In view of this tendency, the decider 710 of the command value generator 71 is configured to decide that the smaller the angular lead (rotational angle α1) is, the tighter to fasten the given screw 63 should be. More specifically, the decider 710 classifies, according to the magnitude of the rotational angle α1, the degrees of tightness of fastening into a plurality of (e.g., two in this example) levels. Specifically, when finding the rotational angle α1 larger than a first threshold value Th1 (refer to FIG. 10), the decider 710 decides that the degree of tightness of fastening should be relatively low. On the other hand, when finding the rotational angle α1 equal to or less than the first threshold value Th1, the decider 710 decides that the degree of tightness of fastening should be relatively high. The first threshold value Th1 may be, for example, 15 degrees.

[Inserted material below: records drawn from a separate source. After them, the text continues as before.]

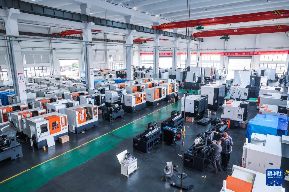 3月26日,在位于嘉興南湖區(qū)大橋鎮(zhèn)的浙江邁興途智能裝備股份有限公司車間內(nèi),工作人員在生產(chǎn)組裝智能化機床。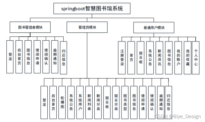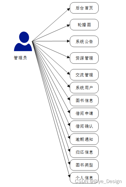 管理员模块:后台首页、轮播图、系统公告管理、资源管理(新闻列表、新闻分类)、交流管理(留言板、留言分类)、系统用户管理(管理员、图书管理者、普通用户)、模块管理(图书类型、图书信息、借阅申请、借阅确认、逾期通知、归还信息)。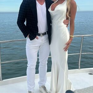 Elegant white maxi dress. Halter neckline. Sleek and stylish design. Worn once and it’s stunning on!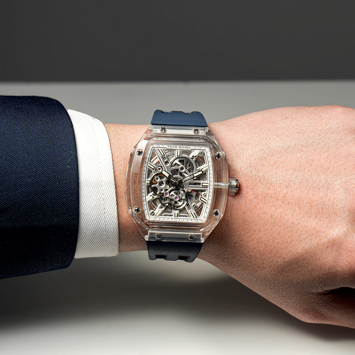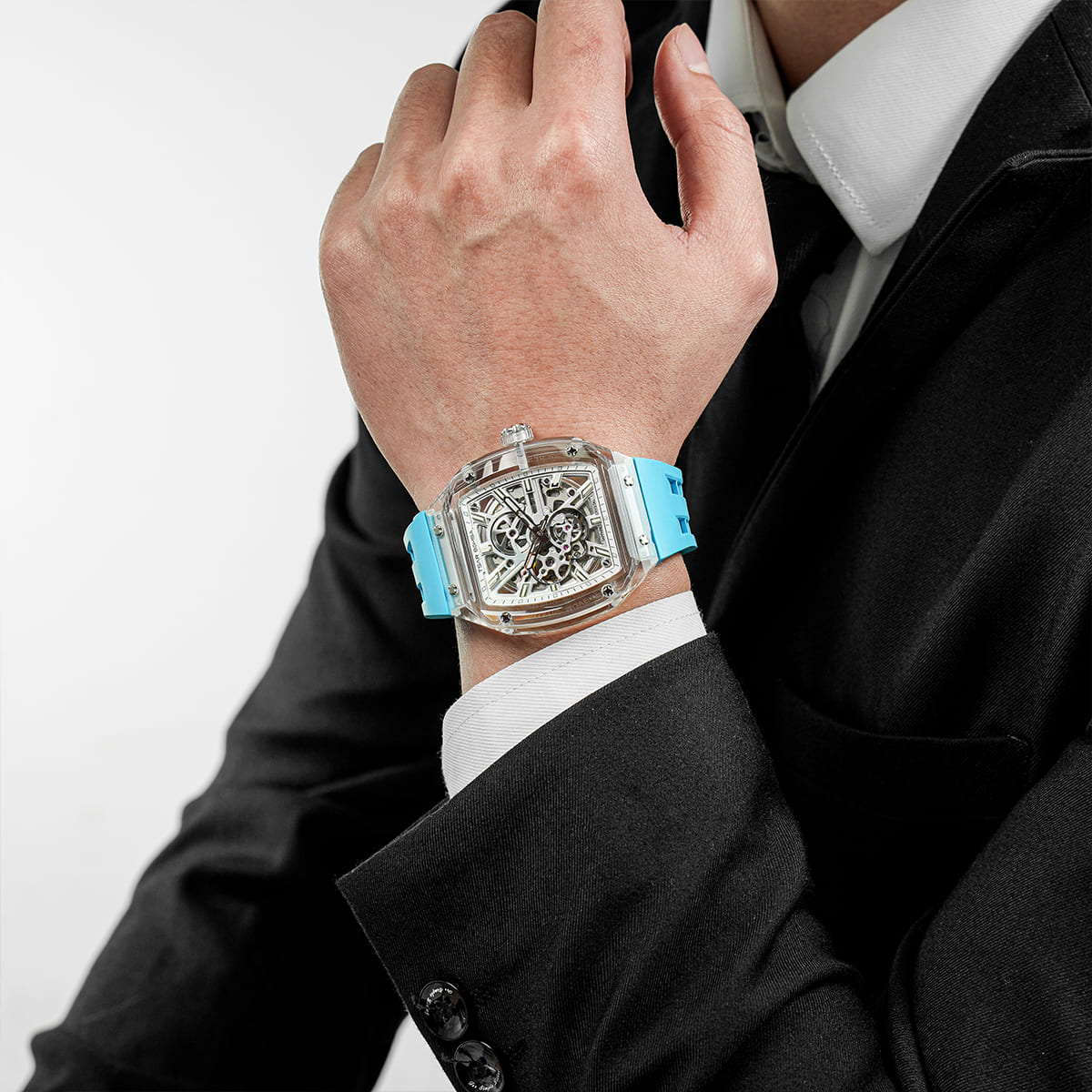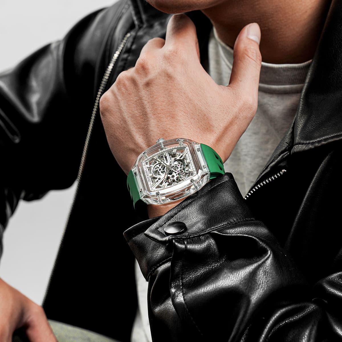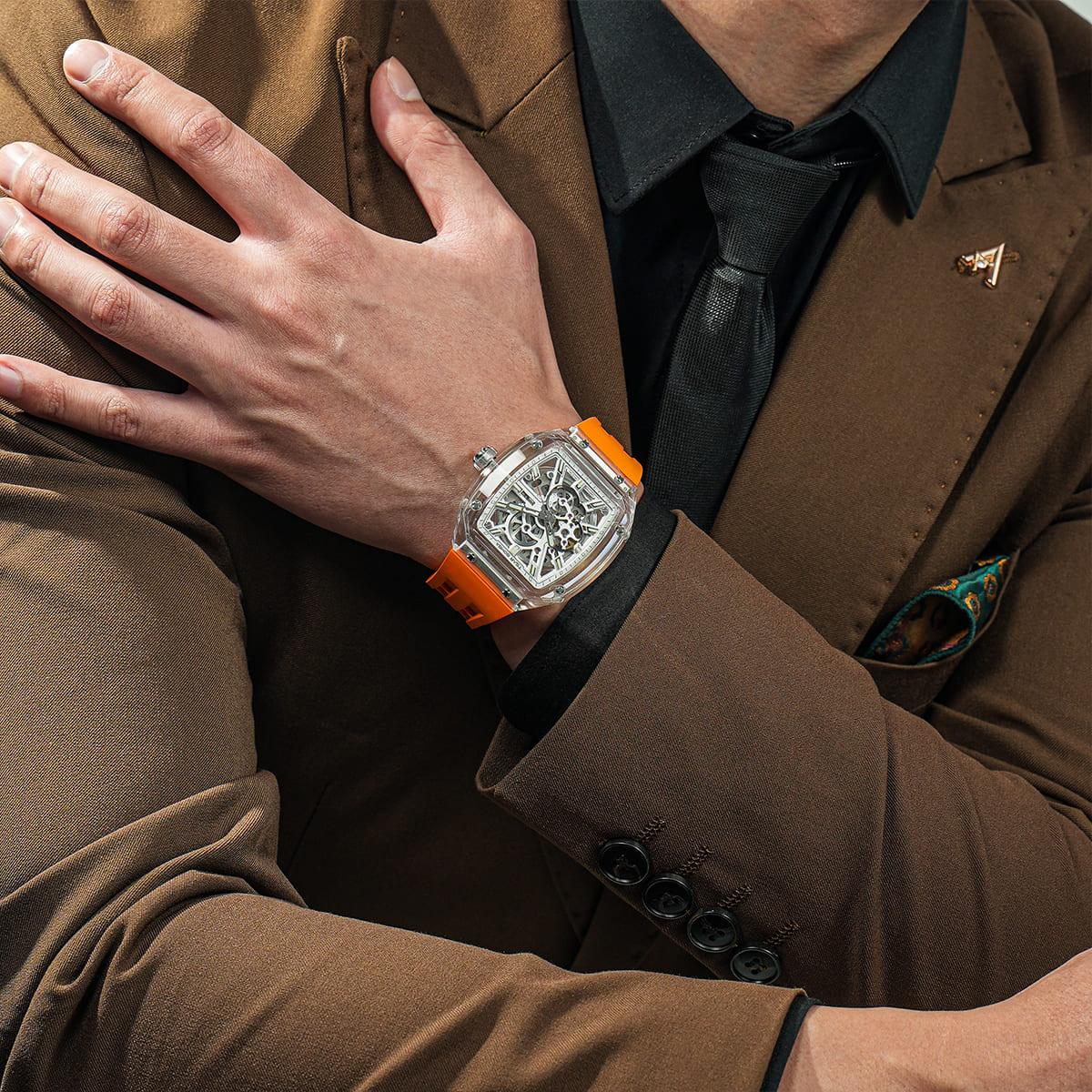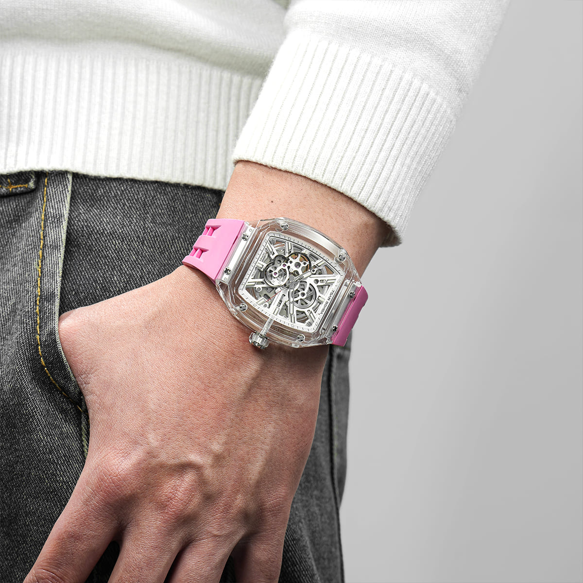 大膽融合現代美學與機械工藝的設計——透明外觀呈現每一個運動細節,讓時間本身成為視覺體驗。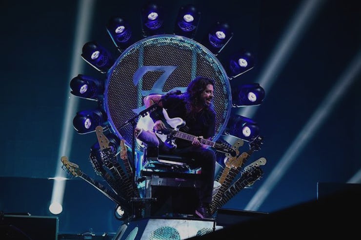 Dave Grohl sitting on a chair of splayed-out guitars is the closest we’re gonna get to the real-life fan fiction of the Hound winning The Game of Thrones. Was the setup actually inspired by A Song of Ice and Fire? Or is this just what it looks like when you’re a Foo Fighters frontman with a recently-busted leg, you have too many guitars, and it’s the Fourth of July in Washington D.C.? You decide: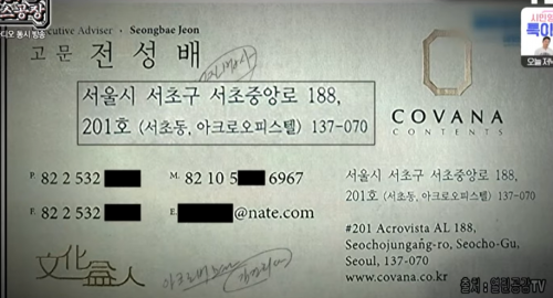 -건진법사 전씨 코바나컨텐츠 고문 활동한 명함을 제보자로부터 받았다.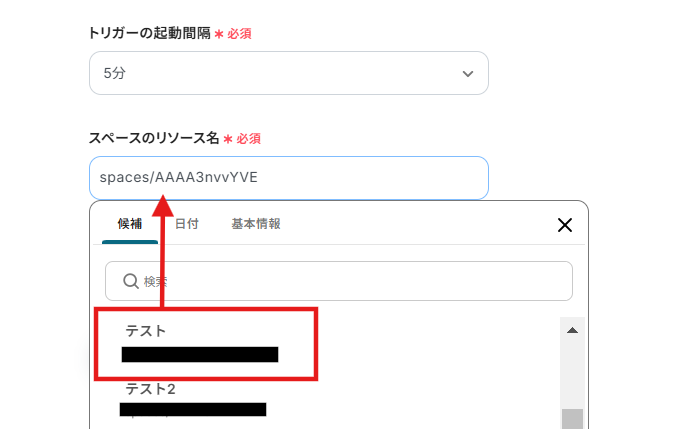 4.スペースのリソース名(通知されるチャット)を選択します。クリックすると下に候補が表示されます。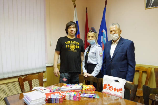 Представитель волонтерской организации встретил сотрудников полиции и с благодарностью принял подарки для детей к грядущему непростому новому учебному году.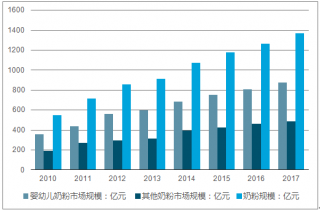 嬰幼兒奶粉市場(chǎng)規(guī)模從2013年的600億元增至2017年的877億元。
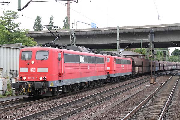 151 112+151 xxx mit Kohlewagen aus dem Hafen komment ri.Maschen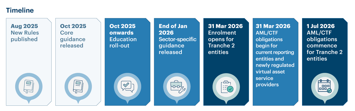 The timeline below outlines AUSTRAC’s planned rollout of the new AML/CTF framework, from the release of new rules and guidance through to full Tranche 2 commencement. These milestones are important for law firms planning their AML compliance activities and system readiness. Throughout this timeline, AUSTRAC will release guidance and supporting materials to help newly regulated entities prepare.

The impact tool 1 according to this embodiment measures the angular lead and controls the motor 3 based on the angular lead thus measured. This allows the measurement to be done more easily than in a situation where the tightness of fastening is determined by measuring the degrees of tightness of the screw 63 and the target to be fastened and the motor 3 is controlled based on the tightness of fastening. In addition, the angular lead is closely correlated to the tightness of fastening, thus enabling controlling the motor 3 significantly more accurately. For example, referring to the angular lead may enable controlling the motor 3 with the effects of the respective shapes of the screw 63, a prepared hole, and the screw hole 640 taken into account as factors that would affect the tightness of fastening.

5) Processor

The processor 94 of the thrusting force detector 9B determines the thrusting force F1 based on the rotational velocity (angular velocity) of the hammer 42 as measured by the hammer rotation measurer 92. As used herein, the thrusting force F1 refers to the force applied to the output shaft 61, more specifically, the force applied in a direction aligned with the thrusting direction (forward/backward direction) defined for the output shaft 61.

The processor 94 determines the thrusting force F1 by calculation. The thrusting force F1 is given by the following Equation (2):

$\begin{array}{cc}\text{F}1=\text{Fth}+\text{Ffloat}& \text{­­­(2)}\end{array}$

where Fth is a force component, applied in the thrusting direction, of the impacting force applied from the hammer 42 to the anvil 45 and Ffloat is a load applied in the thrusting direction and caused by torsional torque of the tip tool 62.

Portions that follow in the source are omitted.